Express 5sqrt(3) - 5i in polar form.
A: 10(cos(11pi/6) + i sin(11pi/6))
Express 4(cos(3pi/4) + i sin(3pi/4)) in rectangular form.
A: -2sqrt(2) + 2sqrt(2i
Write 2x+y=5 in polar form.
A: sqrt(5)= r cos (theta-27degrees)
Are these correct?
none of them are correct.
Let's verify the given answers one by one:
1. Express 5√3 - 5i in polar form:
To express a complex number in polar form, we need to find its magnitude (r) and argument (θ). The magnitude is given by r = √(a^2 + b^2), where a and b are the real and imaginary parts respectively.

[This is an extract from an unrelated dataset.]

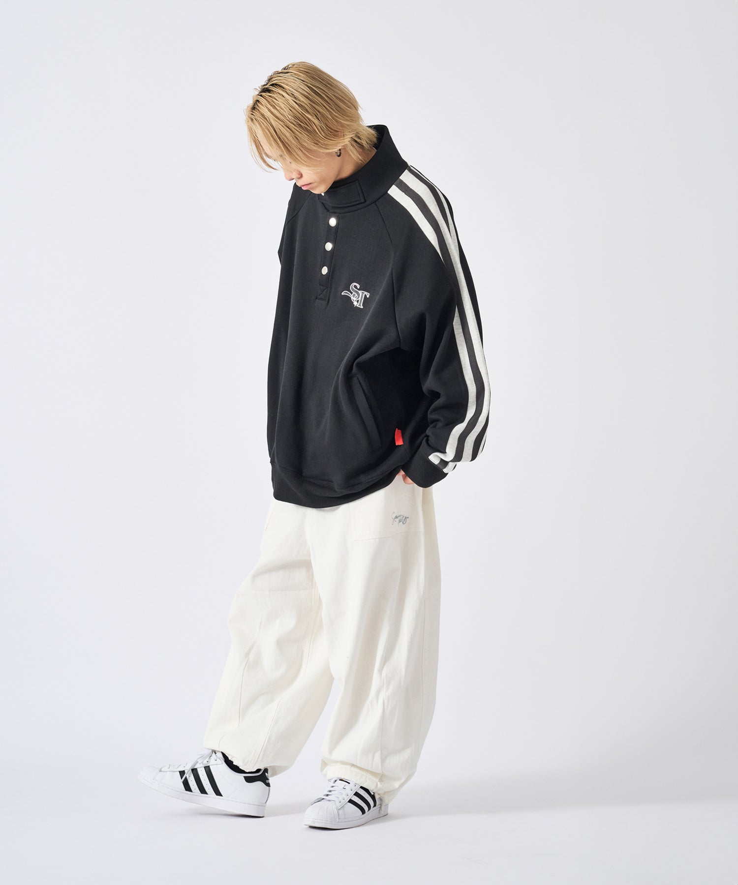大きめに着るのが可愛くワイドパンツは勿論、ユニセックスで着られるのでスカートなどでもOK、ペアコーデにピッタリなアイテムです!

In this case, a = 5√3 and b = -5. Thus, the magnitude is:
r = √((5√3)^2 + (-5)^2)
r = √(75 + 25)
r = √100
r = 10
To find the argument (θ), we can use the formula tan(θ) = b/a. Therefore:
tan(θ) = -5/(5√3)
tan(θ) = -1/√3
θ ≈ 11π/6 (in the fourth quadrant)
Now we can express the complex number in polar form using Euler's formula:
5√3 - 5i = 10(cos(11π/6) + i sin(11π/6))
So, the answer is "A: 10(cos(11π/6) + i sin(11π/6))."
2. Express 4(cos(3π/4) + i sin(3π/4)) in rectangular form:
To express a complex number in rectangular form, we can use the formula x = r cos(θ) and y = r sin(θ), where x and y are the real and imaginary parts respectively.
In this case, r = 4 and θ = 3π/4. Applying the formulas, we have:
x = 4 cos(3π/4) = -2√2
y = 4 sin(3π/4) = 2√2
So, the rectangular form of the complex number is -2√2 + 2√2i.
Thus, the answer is "A: -2√2 + 2√2i."
3. Write 2x + y = 5 in polar form:
The given equation is in rectangular form. Converting it to polar form involves expressing x and y in terms of the magnitude (r) and argument (θ).
We can rewrite the equation as x = r cos(θ) and y = r sin(θ). Substituting these into the equation, we have:
2(r cos(θ)) + (r sin(θ)) = 5
2rcos(θ) + rsin(θ) = 5
Now, let's factor out r and rearrange the equation:
r(2cos(θ) + sin(θ)) = 5
r = 5/(2cos(θ) + sin(θ))
To simplify this expression further, we can use trigonometric identities. In particular, we know that cos(A - B) = cos(A)cos(B) + sin(A)sin(B).
In our expression, we have 2cos(θ) + sin(θ), which can be seen as cos(A)cos(B) + sin(A)sin(B) if we set A = π/4 and B = -π/4:
2cos(θ) + sin(θ) = cos(π/4 - (-π/4))
Therefore, the expression simplifies to:
r = 5/cos(π/4 - (-π/4))
Since cos(π/4 - (-π/4)) = cos(π/2) = 0, the expression becomes:
r = 5/0
However, this expression is undefined since division by zero is not possible. Therefore, the polar form of the equation 2x + y = 5 does not exist.
The original answer you provided is incorrect.